* [RECORDS FOR THIS EXERCISE]:
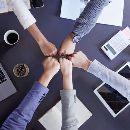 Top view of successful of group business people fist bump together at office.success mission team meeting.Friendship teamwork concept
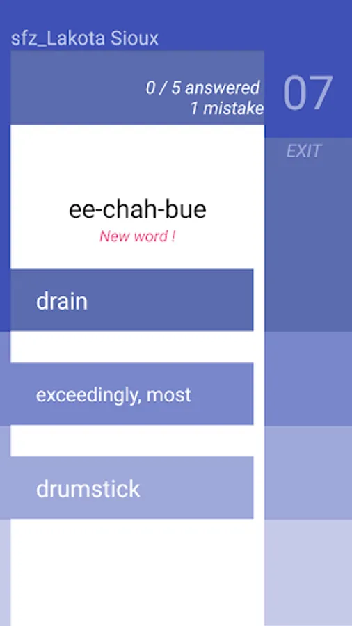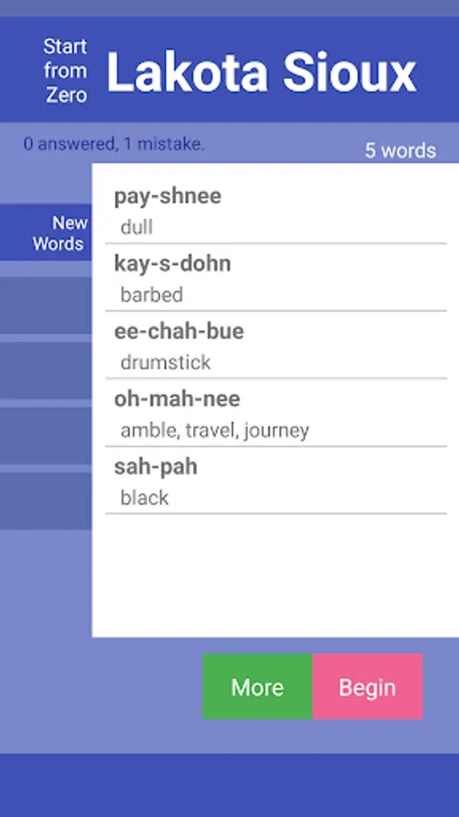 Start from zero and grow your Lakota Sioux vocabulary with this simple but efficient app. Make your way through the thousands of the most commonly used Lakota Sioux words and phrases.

* * *

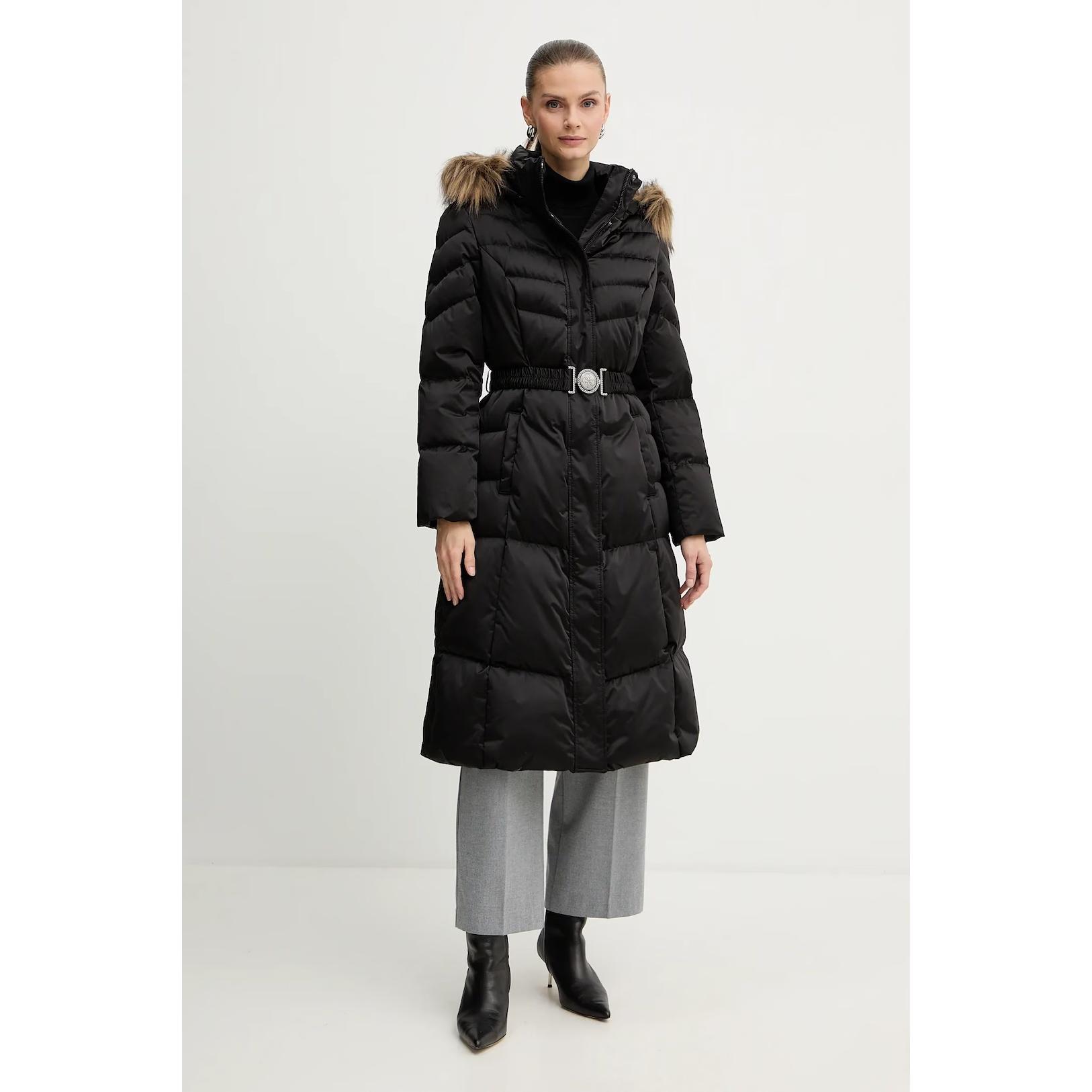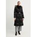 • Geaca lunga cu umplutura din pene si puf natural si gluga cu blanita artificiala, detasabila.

* * *

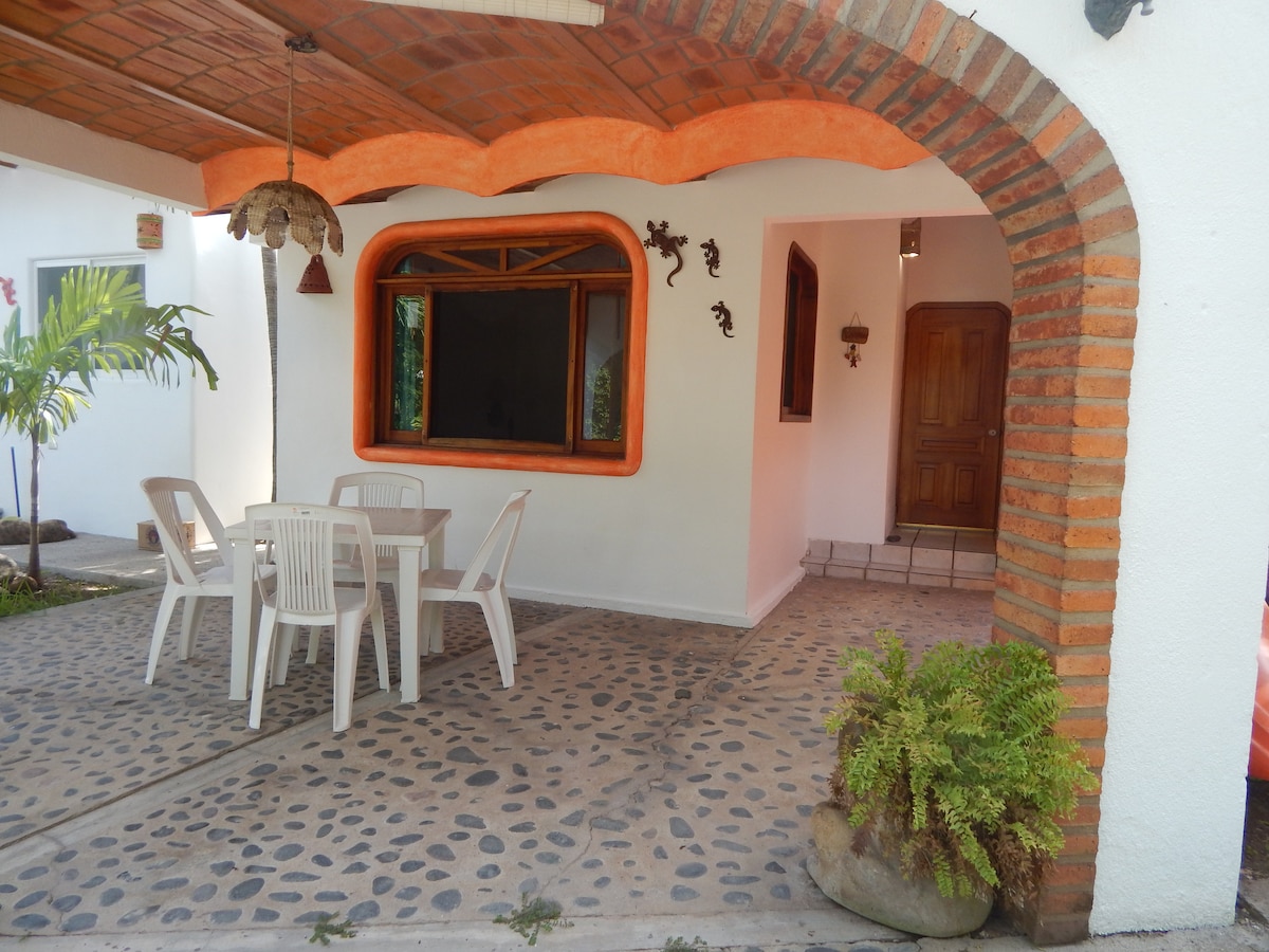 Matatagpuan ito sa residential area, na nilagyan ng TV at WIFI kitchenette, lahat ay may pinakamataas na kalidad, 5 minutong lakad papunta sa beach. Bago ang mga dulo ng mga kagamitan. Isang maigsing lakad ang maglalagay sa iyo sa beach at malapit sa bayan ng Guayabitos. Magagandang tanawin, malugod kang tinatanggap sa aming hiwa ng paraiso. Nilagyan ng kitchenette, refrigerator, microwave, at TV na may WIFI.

* [PROBLEM REQUIREMENTS]: Look above for the line with "Top view of" and the line with "Start from zero". Copy them and every line between, exactly, but no pictures.

* [EXERCISE RESPONSE]:
 Top view of successful of group business people fist bump together at office.success mission team meeting.Friendship teamwork concept
 Start from zero and grow your Lakota Sioux vocabulary with this simple but efficient app. Make your way through the thousands of the most commonly used Lakota Sioux words and phrases.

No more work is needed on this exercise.